Эти слова прозвучали как вызов, и наконец, почти побежденный, он произнес:
— Я люблю тебя, Лорна.
Она бросилась к нему и схватила за руки так, как будто хотела удержать на всю жизнь:
— Вот теперь я счастлива: только на один миг, но я счастлива. Думаю, вряд ли с первого раза все могло пройти удачно. С того вечера, когда я пришла на кухню узнать, что случилось с папой, и когда узнала, что это ты подложил записку, вот тогда я и обратила на тебя внимание.
— К черту эту записку.
— Нет, — вздохнула она. — Нет, это значит, что все именно так и должно было произойти. Ты так не думаешь?
Некоторое время они молча держались за руки, но в душе Йенс знал, что в том, что произошло, виноваты они оба. Он сел и, скрестив руки, продолжал:
— А как же Дюваль? Ведь он подарил тебе часы, и твои родители мечтают, чтобы ты вышла за него замуж? А я ведь всего-навсего кухонный лакей?
— Никогда! — Она вскрикнула так, что сомнений и вопросов не было. — Никогда, Йенс Харкен! Ты лодочный мастер, дизайнер, и когда-нибудь у тебя будет твое собственное дело, и со всех концов Амепини к тебе будут приезжать люди, чтобы ты построил для них яхты. Ты мне говорил так.
Он обнял ее и приложил палец к ее губам в знак молчания.
— Ах, Лорна, Лорна…
Он вздохнул глубоко и задумался. В молчании протекло несколько минут.
Она первой нарушила тишину, спросив:
— Когда же мы можем снова встретиться?
Казалось, его мысли витают где-то далеко. Наконец, очнувшись, он серьезно посмотрел ей в глаза:
— Думай над этим. Подумай, если тебе правда хочется этого, Лорна… Подумай о том, что тебе придется плакать, мы будем вынуждены врать и изворачиваться. Ты этого хочешь, Лорна?
Конечно, нет, как будто бы мелькнуло в ее глазах.
— Ты же говорил, что никогда не лжешь, — напомнила она.
— Да, говорил, ну и что?
Они прекрасно понимали, что они вынуждены будут так вести себя, но думать об этом сейчас не хотелось.
— Уже поздно, — вздохнул он. — Тебе пора.
Сквозь слезы она рассеянно посмотрела на тарелки, полные муравьев.
— Да, — прошептала она безучастно.
— Пошли, я помогу тебе упаковать корзину.
Они выбросили всю еду на траву, собрали тарелки и свернули одеяло в полном молчании. Йенс взял корзину, а Лорна одеяло, и они все так же молча направились к лодке. Он, подав руку, помогал ей спускаться. Они положили вещи в лодку и остановились. Так они и стояли друг против друга на скале.
— Я даже не спросила, как у тебя идут дела с яхтой.
— Отлично. Просто прекрасно.
— Можно прийти посмотреть?
Он поднял лицо к небу, прикрыл глаза и промолчал.
— Ладно, — все поняла она, — не буду. Но скажи мне еще раз, что любишь меня, просто я хочу это запомнить.

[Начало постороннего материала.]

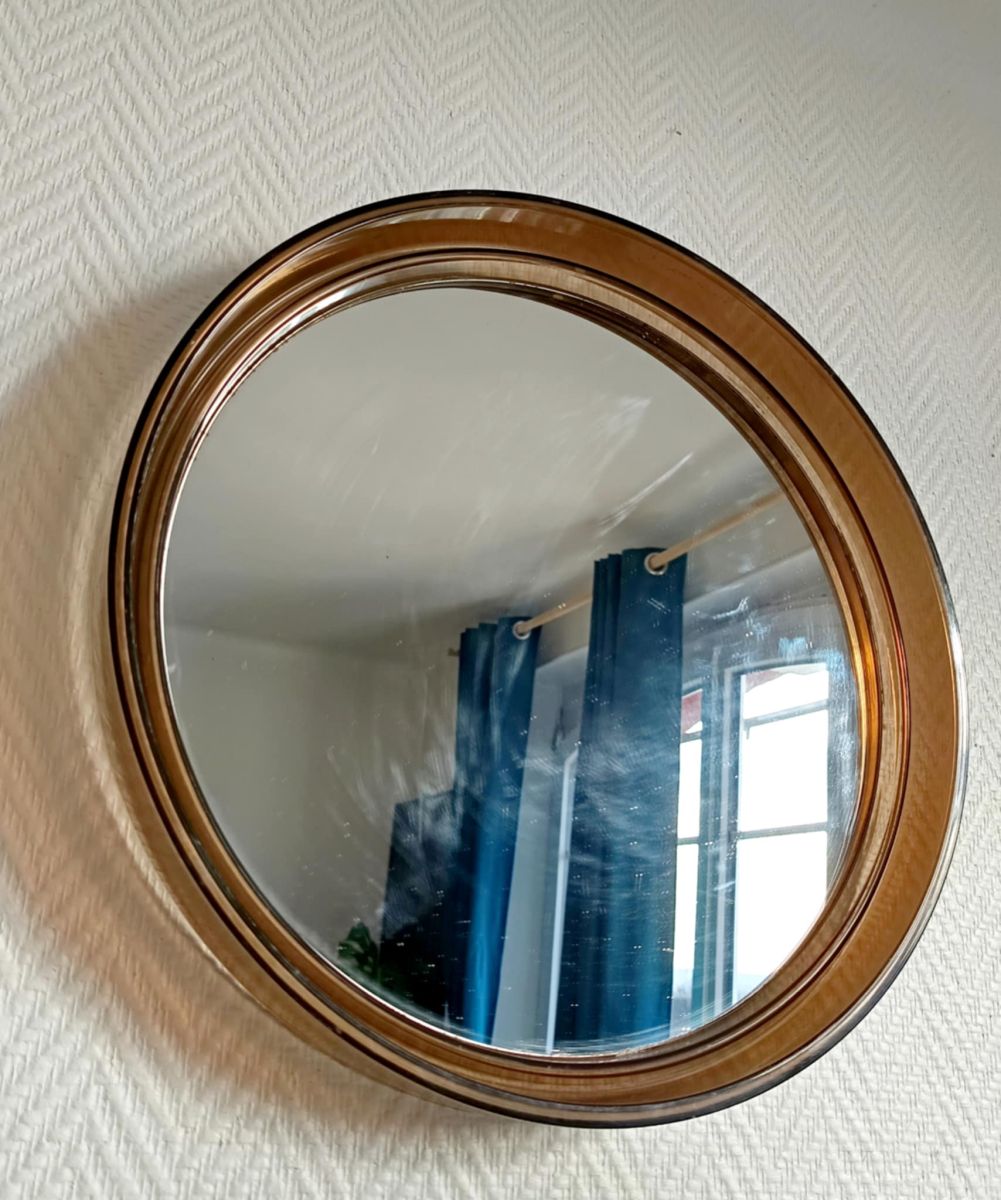 Miroir rond structure en Plexiglas fumé avec glace ronde en son centre.

Йенс склонился, взял в руки ее нежный подбородок и поцеловал долгим поцелуем. Она прижалась к нему губами и дала влажный кончик языка, чтобы слиться с ним в печальном прощании. В этом голом каменистом месте, куда они спустились, было почти жарко. Беззвучно сиял летний день, а еще ниже блестела на солнце вода.
— Я люблю тебя, — сказал он, глядя прямо в ее глаза, в которых стояли слезы.
Глава 9
Вернувшись домой после свидания с Йенсом, Лорна с радостью подумала о том, что сегодня воскресенье. Это означало: ужин будет состоять из холодных закусок и, следовательно, не придется встречаться с родителями за столом в официальной обстановке. Ей все равно не хотелось есть, поэтому во время ужина Лорна сидела одна в своей комнате, выводя на бумаге имя Йенса буквами в стиле рококо. Окружая его розами и лентами с надписью «не забывай меня». Обмакнув ручку в чернильницу, она начала пририсовывать рядом птичку, но, нарисовав всего одно крыло, отложила ручку, закрыла лицо рунами, упершись локтями в туалетный столик.
Неужели его слова означали, что они больше не увидятся? Этот ли смысл крылся в его словах, когда он сказал: «Подумай, если тебе и правда хочется этого, Лорна… Подумай о том, что тебе придется плакать, мы будем вынуждены врать и изворачиваться».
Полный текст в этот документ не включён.